The West-Eastern Divan Orchestra is a youth orchestra based in Seville, Spain, consisting of musicians from countries in the Middle East, of Egyptian, Iranian, Israeli, Jordanian, Lebanese, Palestinian, Syrian, and Spanish backgrounds.

Ludwig van Beethoven’s Symphony No. 4

The fourth symphony is composed by Beethoven in the summer of 1806. It was premièred in March 1807 at a private concert of the home of Prince Franz Joseph von Lobkowitz (also spelled Lobkowicz, an aristocrat of Bohemia, from the House of Lobkowicz. He is known particularly for his interest in music and as a patron of Beethoven).

In general, the symphony is sunny and cheerful, with light instrumentation in a manner that recalls the symphonies of Joseph Haydn, with whom Beethoven had studied a decade before. The Fourth Symphony contrasts with the swooping changes of Beethoven’s composition style in the previous Third Symphony and is often overshadowed by both its predecessor and following work, the celebrated Fifth Symphony which Beethoven had set aside to complete the Fourth. The work is in four movements:

  1. Adagio – Allegro vivace, 2/2. The first movement starts with a slow introduction which contains all the traces of the entire symphonic discourse, coming as a true synthesis of the symphony. The two themes are successively shown in the form of sonatas with great concision, the movement ending in a Coda which is nothing but a culmination and not a conclusion as we might have expected from his previous works.
  2. Adagio, 3/4 in E-flat major. The main of the second movement theme is of great musicality through the prime violins and it is followed by another theme with resonances from the previous symphony.
  3. Menuetto; Allegro vivace, 3/4. The third movement is full of life, structured on Beethoven’s scherzo principle, only much more improved. Thematic elements can be easily recognized from the introduction of the first part.
  4. Allegro ma non troppo, 2/4. The finale is in the form of a sonata with a Coda in large dimensions, it expresses the same vital force and joy of life.

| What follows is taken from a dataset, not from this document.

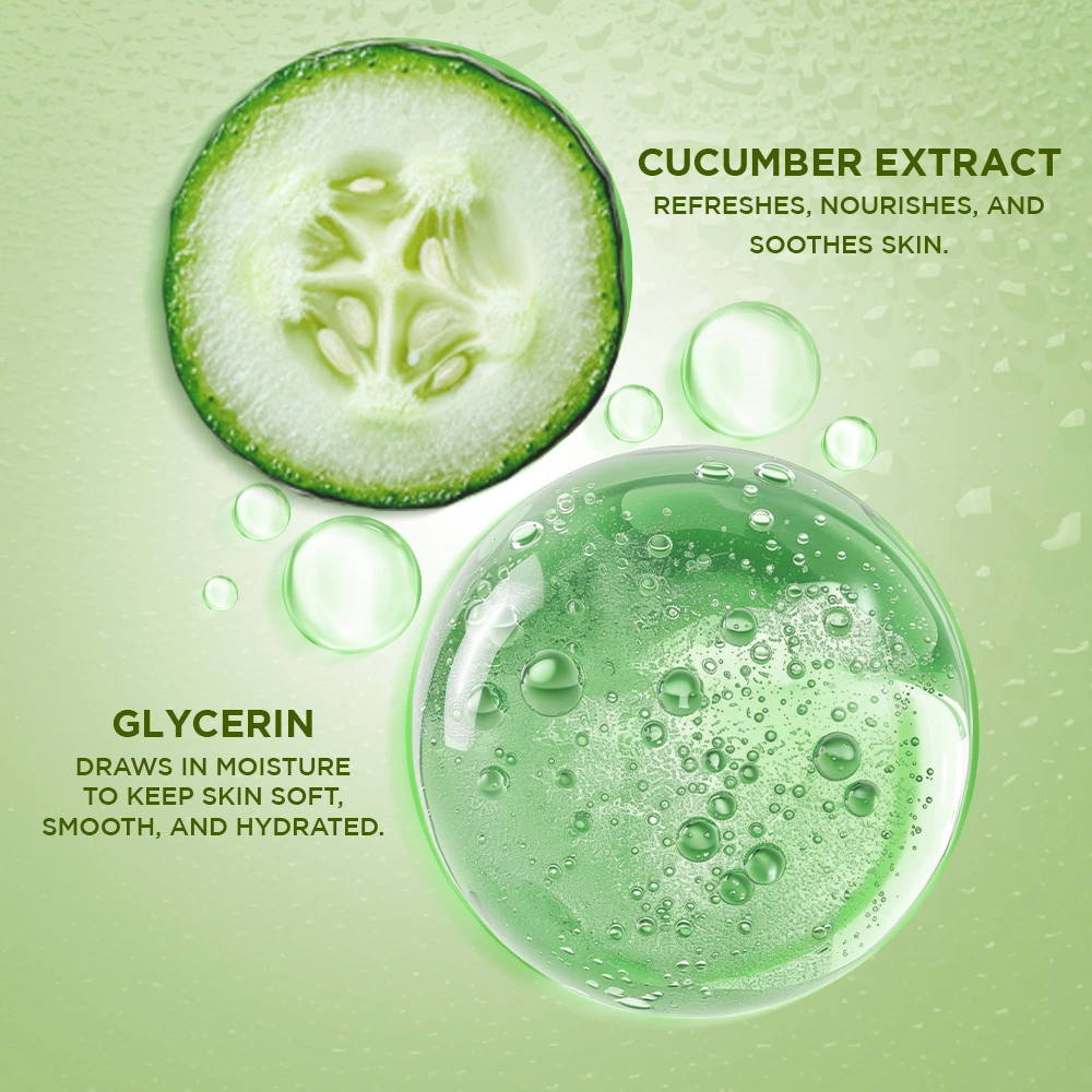 * Cucumber Extract – Refreshes, nourishes, and soothes skin.

The freshness and spontaneity of the themes of Beethoven’s fourth symphony, the lack of tragic motives, the perfection of the form triggered the enthusiasm of his contemporaries. German composer Robert Schumann was comparing it to “a supple Greek girl, standing in between two giants from the West”, while the German composer Felix Mendelssohn (3 February 1809 – 4 November 1847) chose it to be performed at his first concert at Gewandhaus in Leipzig.